🤖 AI Summary
This work addresses the low GPU utilization and device idling caused by communication latency and data dependencies in multi-tenant data centers when deploying parameter-efficient fine-tuning (PEFT) tasks independently. To overcome these challenges, the authors propose a modular backbone sharing mechanism based on a unified PEFT representation, enabling efficient concurrent execution of multiple tasks through joint spatial and temporal reuse strategies. The approach integrates coordinated scheduling across task, operator, and data levels, leveraging hierarchical scheduling, hybrid spatial-temporal reuse, two-stage hybrid parallelism, and data-chunk alignment to mitigate inefficiencies from invalid tokens. Experimental results demonstrate that the proposed system achieves up to a 2.33× improvement in throughput and reduces memory consumption by up to 5.29× compared to three state-of-the-art baselines.
📝 Abstract
Parameter-Efficient Fine-Tuning (PEFT) is widely applied as the backend of fine-tuning APIs for large language model (LLM) customization in datacenters. Service providers deploy separate instances for individual PEFT tasks, giving rise to prominent resource inefficiencies, including (1) GPU underutilization from small-scale, PEFT-native operators and (2) device stalls from communication delays and data dependencies in parallelized execution. To address these issues, this paper presents MuxTune, a fine-tuning system that enables resource-efficient concurrent execution of multiple PEFT tasks. The key idea is to multiplex the backbone across independent tasks in a spatial-temporal manner for improved utilization and reduced stalls.

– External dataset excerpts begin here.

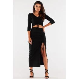 Maxi sukně z měkkého a příjemného úpletu. Řasení od pasu dolů zakončené rozparkem na nohavici v podobě zipu. Střih sukně krásně zvýrazňuje postavu. Navrženo a ušito v Polsku.
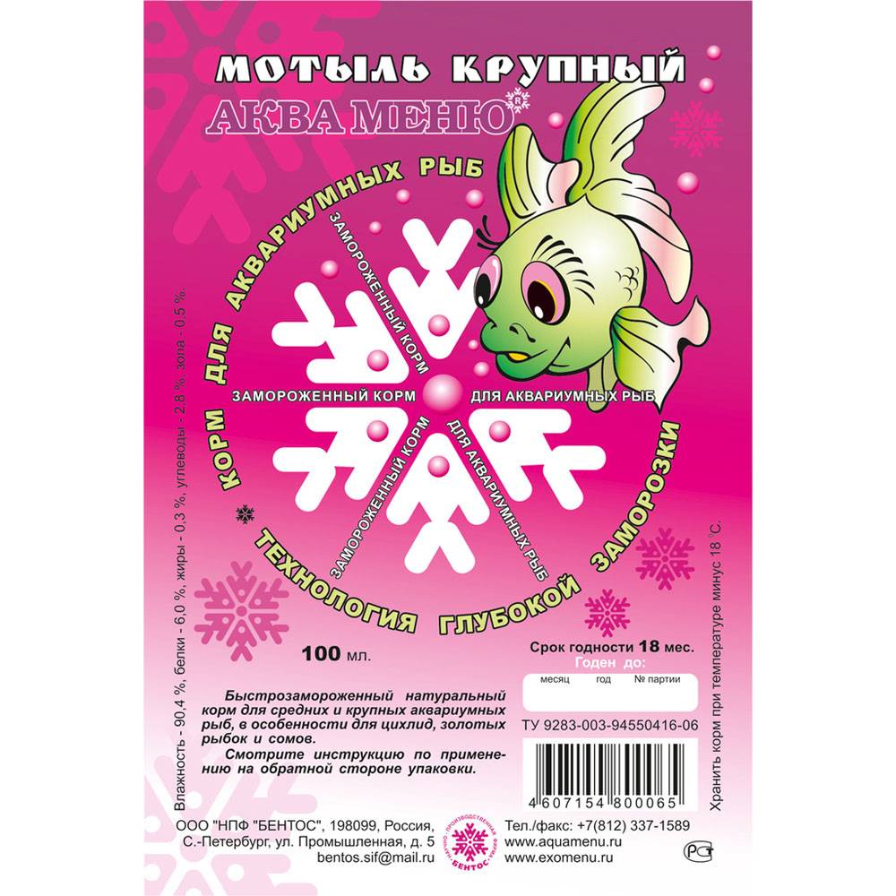 МОТЫЛЬ КРУПНЫЙ – натуральный корм, подходит для кормления цихлид, золотых рыбок и сомов.
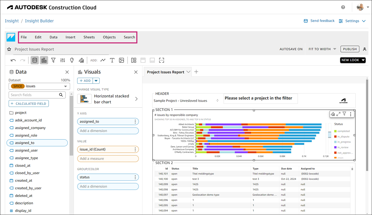 - Insert: Use to add sheets, visuals, text boxes, insights, calculated fields, filters, and parameters to the analysis.
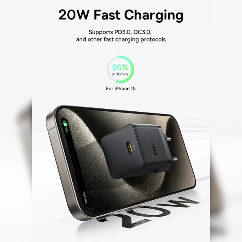 توانایی شارژر این شارژر برای شارژ آیفون 15 از 0 تا 56 درصد تنها در 30 دقیقه، نمونه درخشانی از فناوری و کارایی بالای آن است. این آن را به گزینه ای ایده آل برای کاربرانی تبدیل می کند که نیاز به شارژ سریع گوشی خود در سفر یا پس از استفاده طولانی دارند.

Building on flexible, modularized backbone sharing via unified PEFT representations, MuxTune proposes hierarchical co-scheduling scheme with task, operator, and data-level optimizations. Specifically, it fuses tasks through a hybrid of spatial and temporal multiplexing, and orchestrates multi-task operator execution in two-tiered hybrid parallelism. Additionally, MuxTune employs chunk-based data alignment to mitigate inter-task ineffective tokens. Experimental results demonstrate that MuxTune achieves up to $2.33\times$ higher throughput and $5.29\times$ memory reduction compared to three state-of-the-art baselines.